Mouse Isocitrate Dehydrogenase, Nadp, Cytoplasmic, IDH1 ELI

Isocitrate dehydrogenase 1 (NADP+), soluble is an enzyme that in humans is encoded by the IDH1 gene on chromosome 2.

Isocitrate dehydrogenases catalyze the oxidative decarboxylation of isocitrate to 2-oxoglutarate.

These enzymes belong to two distinct subclasses, one of which uses NAD+ as the electron acceptor and the other NADP+.

Five isocitrate dehydrogenases have been reported: three NAD+-dependent isocitrate dehydrogenases, which localize to the mitochondrial matrix, and two NADP+-dependent isocitrate dehydrogenases, one of which is mitochondrial and the other predominantly cytosolic.

Each NADP+-dependent isozyme is a homodimer.

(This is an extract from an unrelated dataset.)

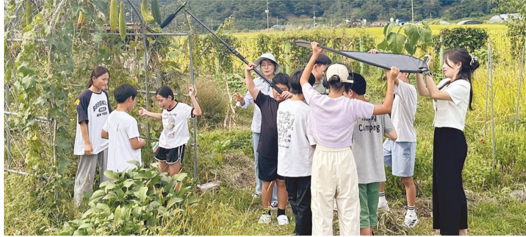
곡성 삼기초등학교 학생들이 영화 '감정이 사라진 시간'을 제작하고 있는 모습.

총 12회차 촬영이 끝나면 학생들의 의견을 바탕으로 편집을 하게 된다. 올해 촬영과 편집이 끝난 후 나의 이야기를 영상으로 표현해보는 방법 등 영화에 접근하는 개인의 방식들을 함께 나눌 계획이다. 지난해 12월 곡성군 작은영화관에서 제1회 달팽이 영화제에 참여했고 지난 9월에는 단편 영화 '말할 수 없는 비밀' 작품으로 '섬진강 마을 영화제'에 출품했다.

The protein encoded by this gene is the NADP+-dependent isocitrate dehydrogenase found in the cytoplasm and peroxisomes.

It contains the PTS-1 peroxisomal targeting signal sequence.

The presence of this enzyme in peroxisomes suggests roles in the regeneration of NADPH for intraperoxisomal reductions, such as the conversion of 2,4-dienoyl-CoAs to 3-enoyl-CoAs, as well as in peroxisomal reactions that consume 2-oxoglutarate, namely the alpha-hydroxylation of phytanic acid.

The cytoplasmic enzyme serves a significant role in cytoplasmic NADPH production.

Alternatively spliced transcript variants encoding the same protein have been found for this gene.